Mother Nature sometimes in my eyes can be cruel. Such sweet little baby. But have to sadly admit she is wise. 

Will be thinking of you and Cassie. Hoping Cassie beats the odds and proves Mother Nature wrong. But if not, hoping Mother Nature makes up her mind fast for both of your sake.

K


----------



## melbaby80

*HappyFarmBunnies wrote: *


> Thank you for all of the kind words and support, everyone. This is truly difficult for me. I know it's part of the game when breeding, but I'm the type of girl who shoos spiders out of the house with a magazine and a gentle suggestion of "Why don't you go get some fresh air outside?"
> 
> Thank you for the links about the surviving peanuts. What I found most interesting was that both of them got to that point LARGELY without human intervention. That makes me believe that nature allowed them to have a better shot.
> 
> For what it's worth, Cassie does not appear to be in any pain or unhappiness; she just looks exactly the same as she did on Day 2 as she does today on Day 7. (What's more painful, for both of us, is the drop-by-painstaking-drop feedings twice a day, with her often breathing in the milk and choking and me agonizing...)
> 
> Yesterday I decided to listen to the little voice of painful reality in my head and not feed her. When I checked on her last night, she was wiggling around and her belly looked to be full, surprisingly.
> 
> So, thank you all. Blessed be, sweet little Cassie. I will let Mother Nature do what she will, as she often knows best. I'll keep all of you posted. Thank you.

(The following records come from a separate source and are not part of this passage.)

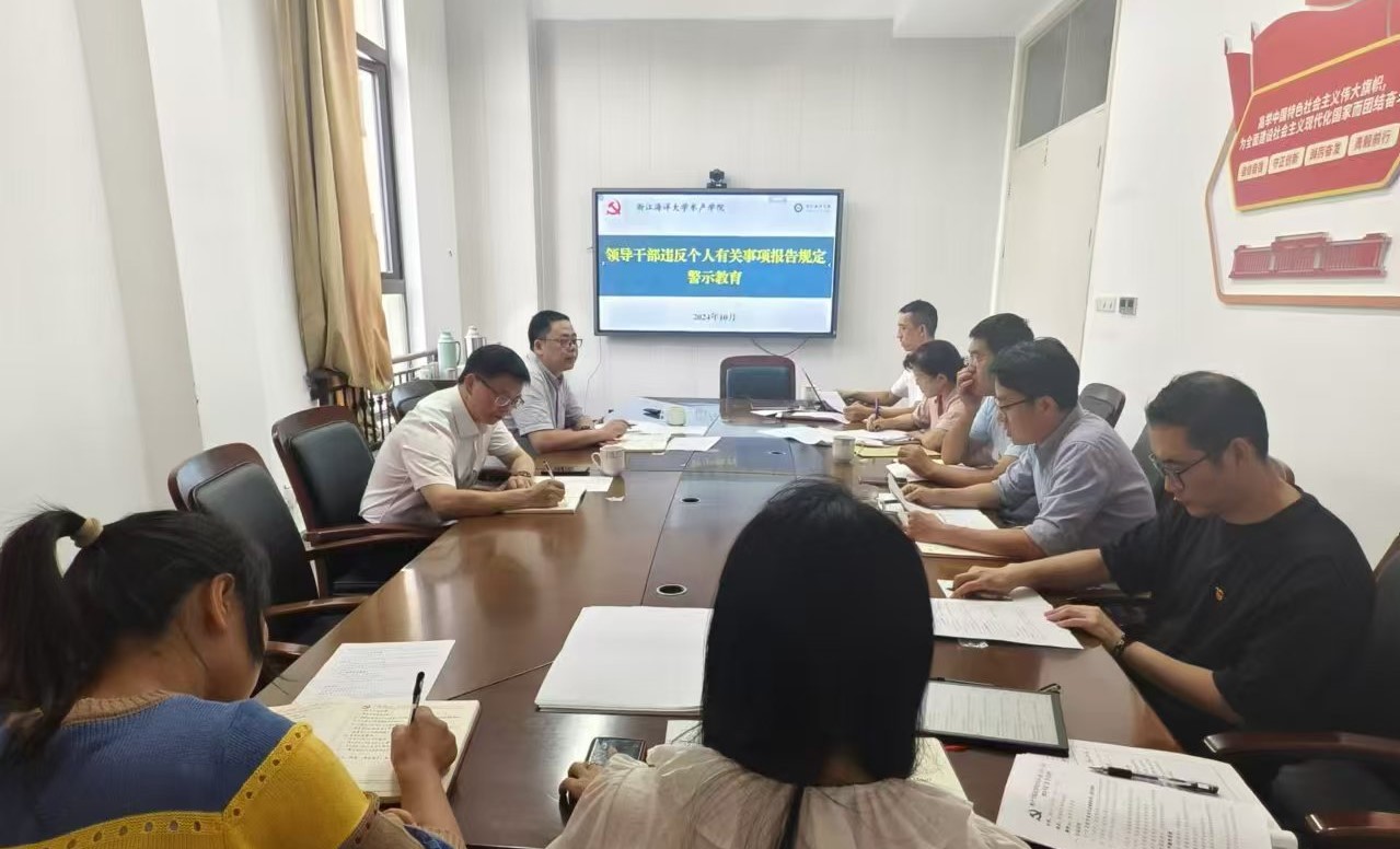 党委对学院科级及以上干部,开展领导干部违反个人有关事项报告规定警示教育。
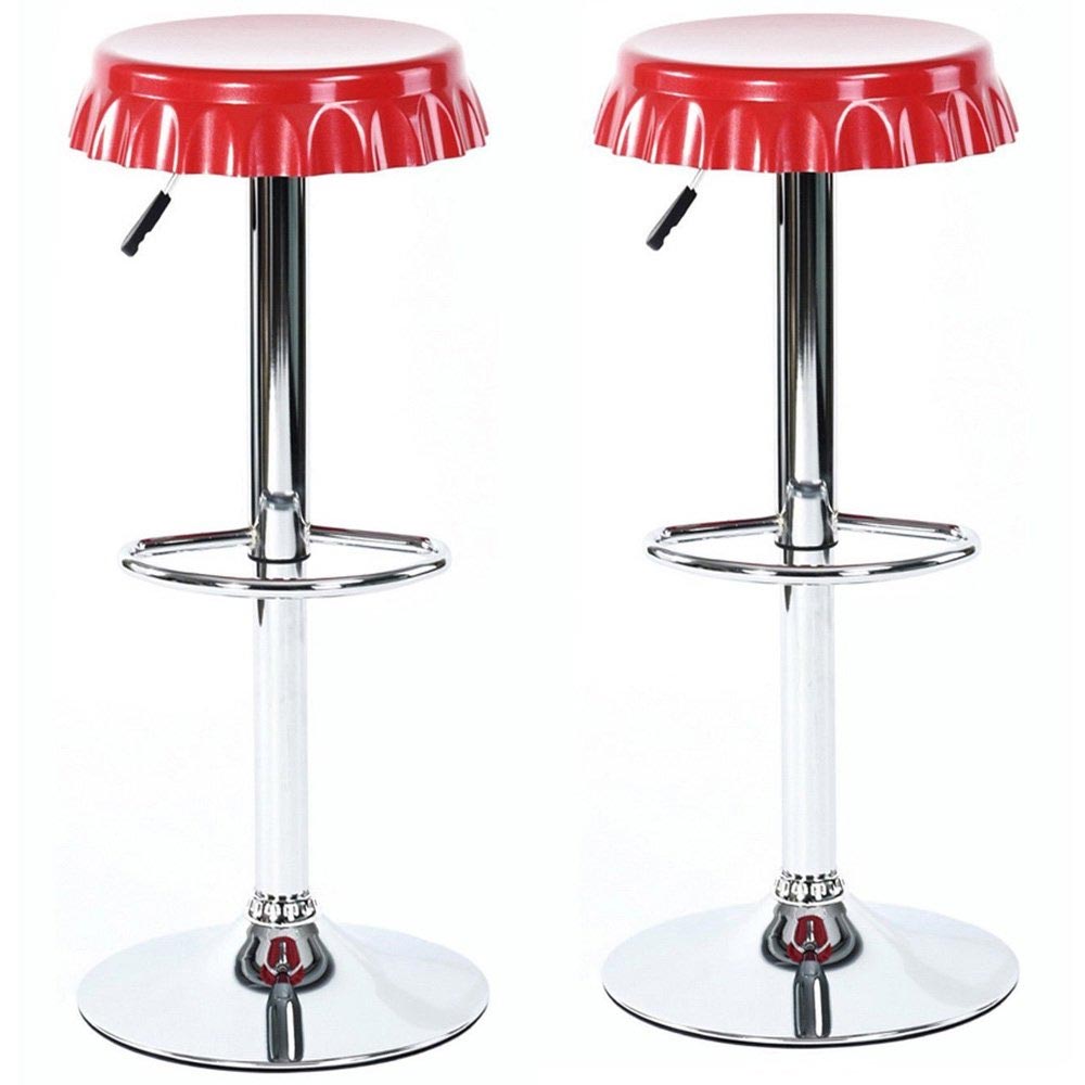 1 x Set 2 Sgabelli Bar Cucina Seduta Forma Tappo Bottiglia Sgabello Girevole Rosso
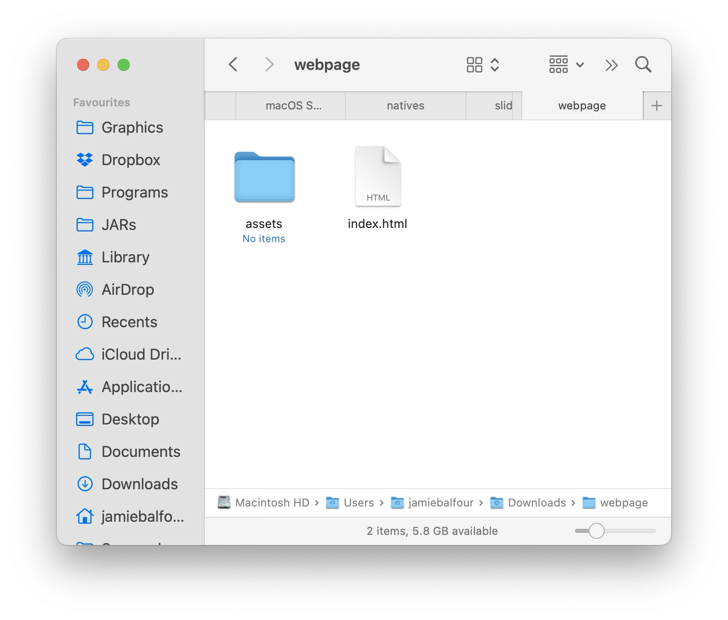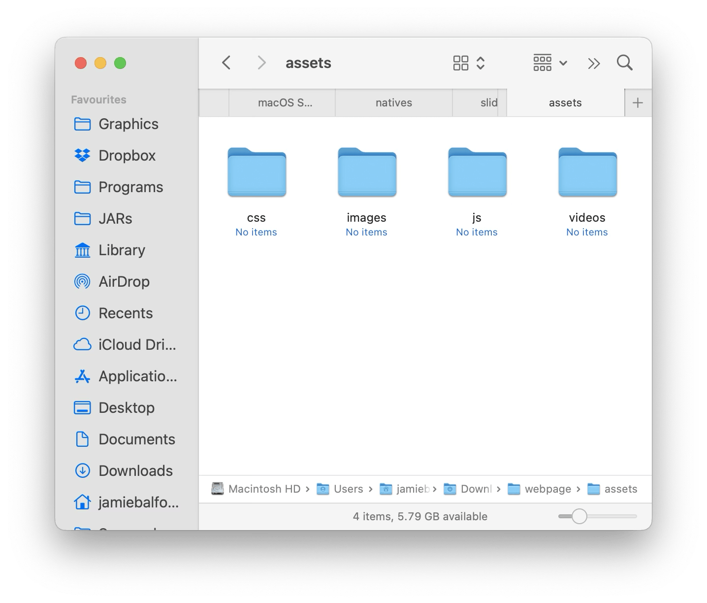 • An assets folder is a good idea for storing things like images, CSS and JavaScript, videos and reusable resources.
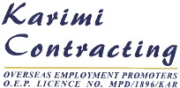 Karimi Contracting is ranked as one of the leading Manpower Consultants and Recruiting Agency in Pakistan to provide manpower from Pakistan for Middle East and Far East. Karimi Contracting have been recruiting the highest quality manpower to its precious clients based Middle East and Far East. We are licenced by the Government of Pakistan, Ministry of Labour, Manpower and Overseas Pakistanis.
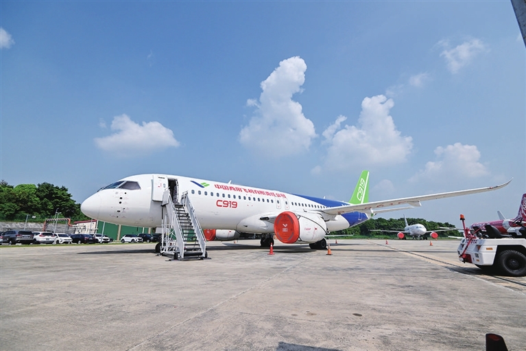 3月13日,中国国产商用飞机C919大飞机在马来西亚雪兰莪州的苏丹阿卜杜勒·阿齐兹·沙阿机场作静态展示。中国国产商用飞机ARJ21和C919日前飞抵位于马来西亚雪兰莪州的苏丹阿卜杜勒·阿齐兹·沙阿机场进行地面静态展示和演示飞行。新华社发(张纹综 摄)
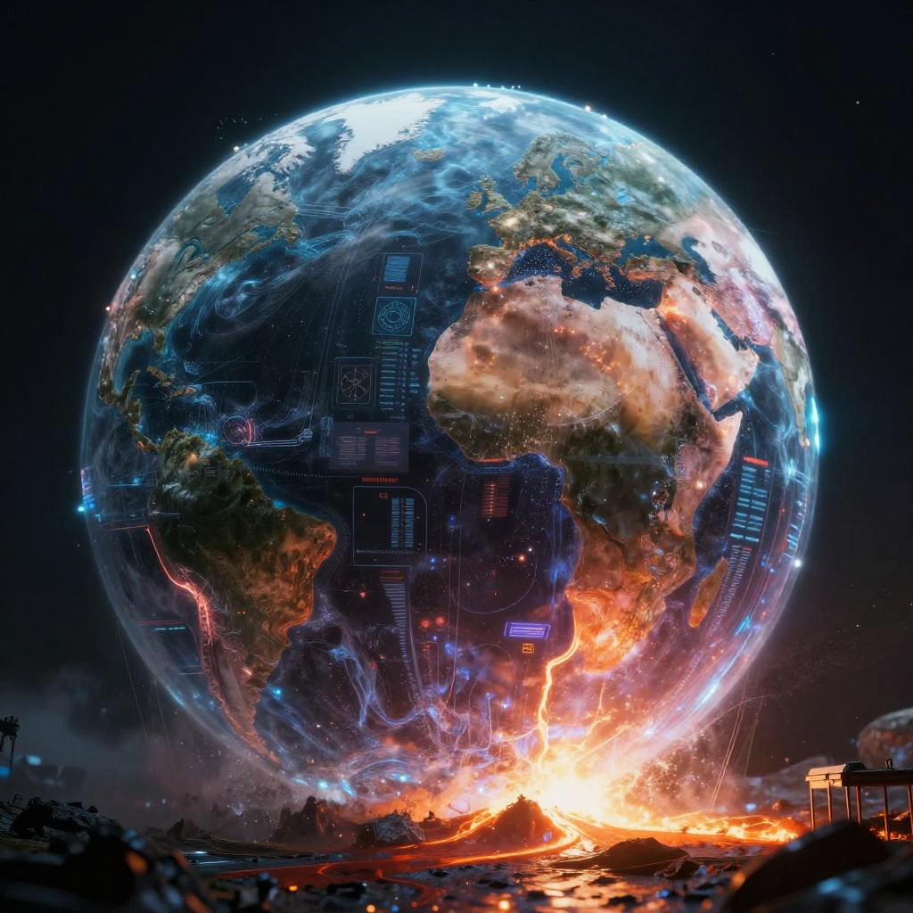Cinematic still piercing light, (aesthetic:1.1), (dim colors:1.2), , A futuristic epic disaster scene of Earth drowning in another planet made of translucent materials, and its internal structure is clearly visible, including magma spills and light-emitting explosions. its precise construction and possible geostructure . High-tech and futuristic holographic scan of planet body, bioluminescence, fiber optics, masterpieces, octane rendering, unreal engine, intricate details, UHDR, 32K . emotional, harmonious, vignette, 4k epic detailed, shot on kodak, 35mm photo, sharp focus, high budget, cinemascope, moody, epic, gorgeous, film grain, grainy, piercing light, including magma spills and light-emitting explosions. its precise construction and possible geostructure. High-tech and futuristic holographic scan of planet body, 32K, cinematic, professional, winning candid, highly detailed, warm color, modern, stylish, amazing, awarded, best, romantic, dramatic, contemporary, deep vibrant, complex, original, beautiful, sleek
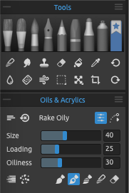The Properties panel will change according to which brush you select, e.g. if you select an Oil tool, Oils & Acrylics Tool Properties will appear.
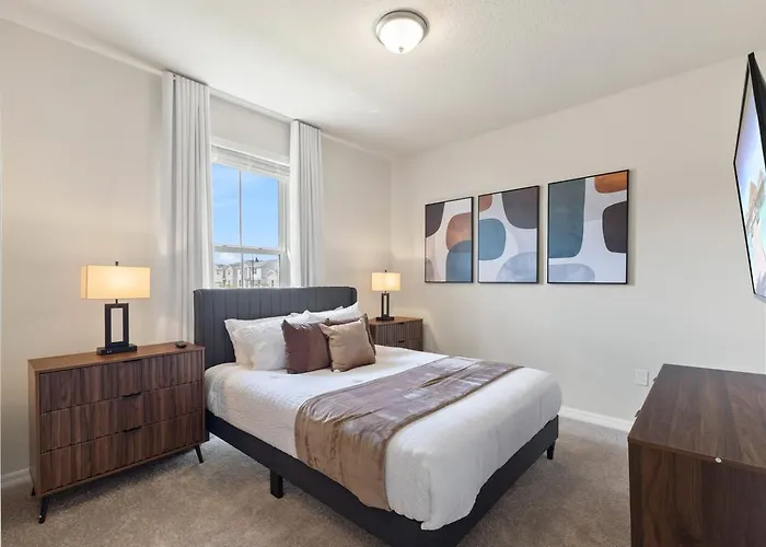 Elegant 5-Bed Home With Private Pool Near Disney features a full kitchen for cooking and provides you with an oven and a dishwasher. Wendy's with American specialties, is located 16 minutes' walk away.

ray:ray:ray:ray: Really hope she pulls through.


----------



## HappyFarmBunnies

Glory be! Today is Day 8, and when I checked on the gang this morning LO AND BEHOLD, Cassie appears to have grown, AND, "changed spots" on me--I could have sworn that she was a broken blue, but now it looks like she's a broken chocolate. Granted, she's not nearly as big as her siblings...but she is finally growing, and hanging in there!


----------



## BunnyLove89

That's awesome! She is adorable! :biggrin:


----------



## ZRabbits

Awesome news! 

Keep going Cassie!

K


----------



## Samara

arty0002:


----------



## melbaby80

Oh my goodness they are so adorable. YAY cassie!!She has won me over 100% lol She is adorable!! That white one is huge! lol Uggg I just wanna jump through my screen and cuddle them.


----------



## snowflakesmama

WOWW!!! AWESOME STORY!!! Chances were slim , everyone also said so ... And wow.. You did not give up on her !!! congrats!!! Praise the Lord.


----------



## TinksMama

Wow!!! Keep us posted!  So happy she's doing better.


----------



## Bunnylova4eva

snowflakesmama wrote:


> WOWW!!! AWESOME STORY!!! Chances were slim , everyone also said so ... And wow.. You did not give up on her !!! congrats!!! Praise the Lord.



:yeahthat:


----------



## Bonnie Lee

Update?! She is so beautiful!


----------



## melbaby80

*Bonnie Lee wrote: *


> Update?! She is so beautiful!


yes she's coming home with me  I'm dreaming :biggrin2:


----------



## HappyFarmBunnies

Update: She's still hanging with us! Man, she's a fighter this one. She's slowly start to get peach fuzz fur, and her little tail stump is healing nicely. Belly is always full. PRAISE BE!


----------



## ZRabbits

Thanks so much for the Update on the little one!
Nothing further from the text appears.